Joy Irwin

Personal information
- Full name: Joy Irwin
- Role: Batter

International information
- National side: South Africa (1960–1961);
- Test debut (cap 5): 2 December 1960 v England
- Last Test: 31 December 1960 v England

Domestic team information
- 1951/52: Durban
- 1952/53–1960/61: Natal

Career statistics
| Competition | WTest |
| Matches | 3 |
| Runs scored | 40 |
| Batting average | 6.66 |
| 100s/50s | 0/0 |
| Top score | 20 |
| Balls bowled | 42 |
| Wickets | 0 |
| Bowling average | – |
| 5 wickets in innings | 0 |
| 10 wickets in match | 0 |
| Best bowling | – |
| Catches/stumpings | 0/– |
- Source: CricketArchive, 5 March 2022

= Joy Irwin =

South African cricketer

Joy Irwin is a South African former cricketer who played as a batter. She appeared in three Test matches for South Africa in 1960 and 1961, all against England, scoring 40 runs in her six innings.
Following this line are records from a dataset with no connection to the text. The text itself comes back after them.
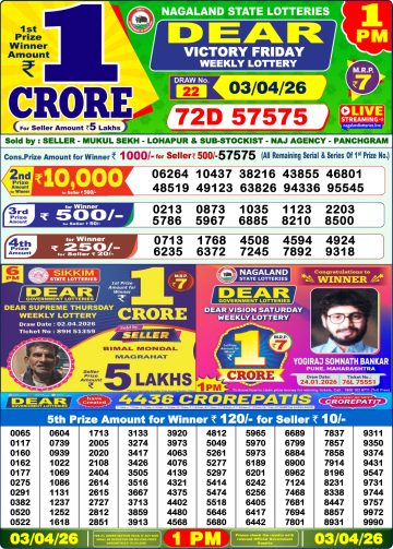 Dear Lottery Result 03.04.26 1PM Today Dear Morning
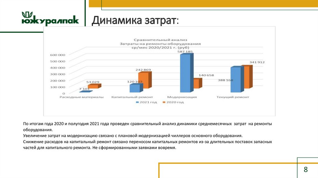 Динамика затрат:По итогам года 2020 и полугодия 2021 года проведен сравнительный анализ динамики среднемесячных затрат на ремонты
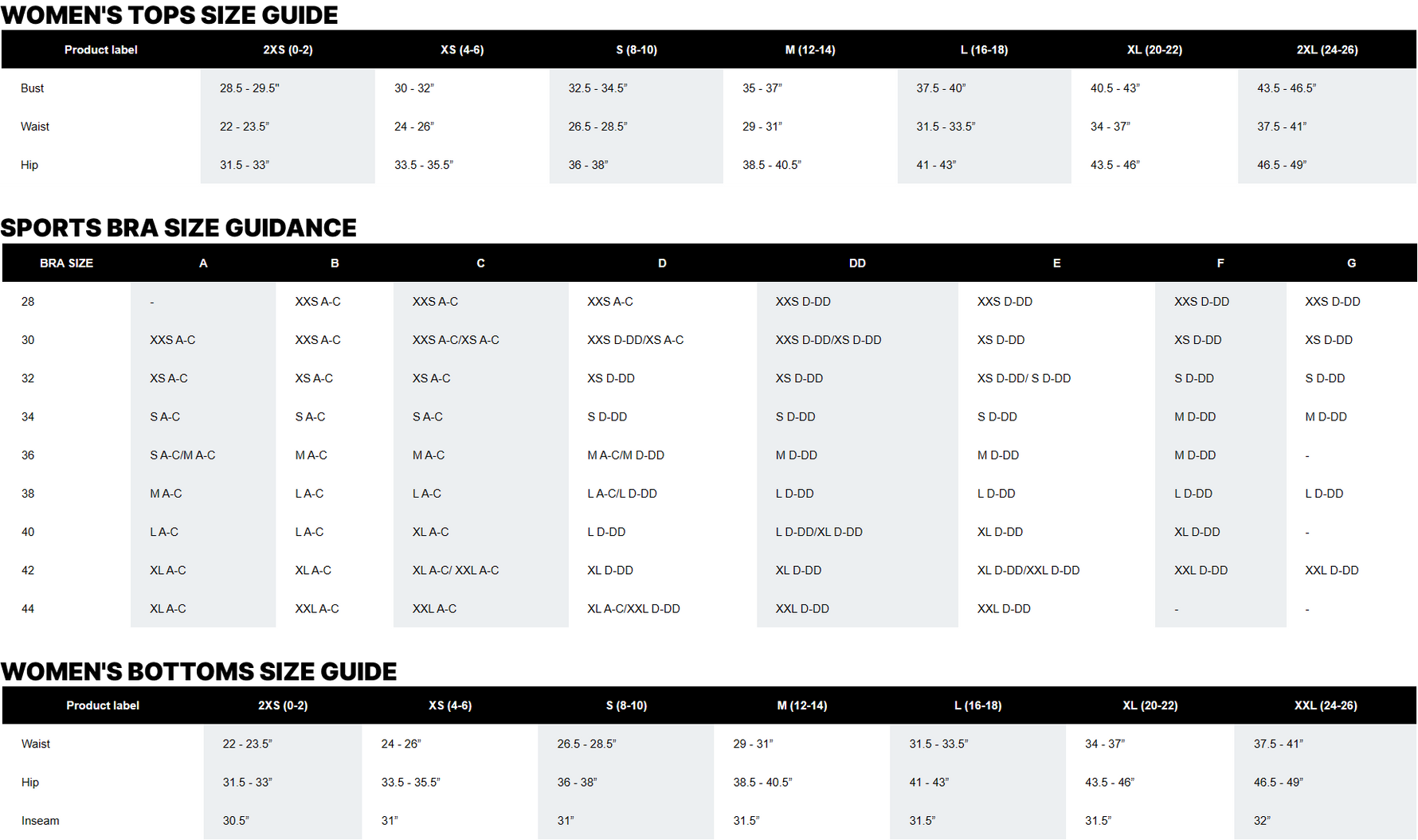 Product Label | 2XS (0-2) | XS (4-6) | S (8-10) | M (12-14) | L (16-18) | XL (20-22) | 2XL (24-26) |
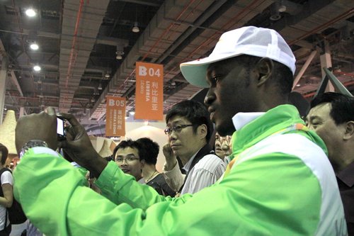 在非洲联合馆,我们见到了这几位可爱的“黑白菜”,他们的名字分别是罗纳、沙爱国和欧巴姆。其实早在见到他们之前,欧巴姆就已经是腾讯微博上的热议人物了。

She played domestic cricket for Durban and Natal.

==Career==
Irwin, a record-breaking opening batsman for Natal, was selected to play for South Africa women against the touring English women in 1960–61. In the first tour match, playing for South African XI Women, Irwin scored 5 & 34 opening alongside Barbara Cairncross as the South African team forced a draw after following on.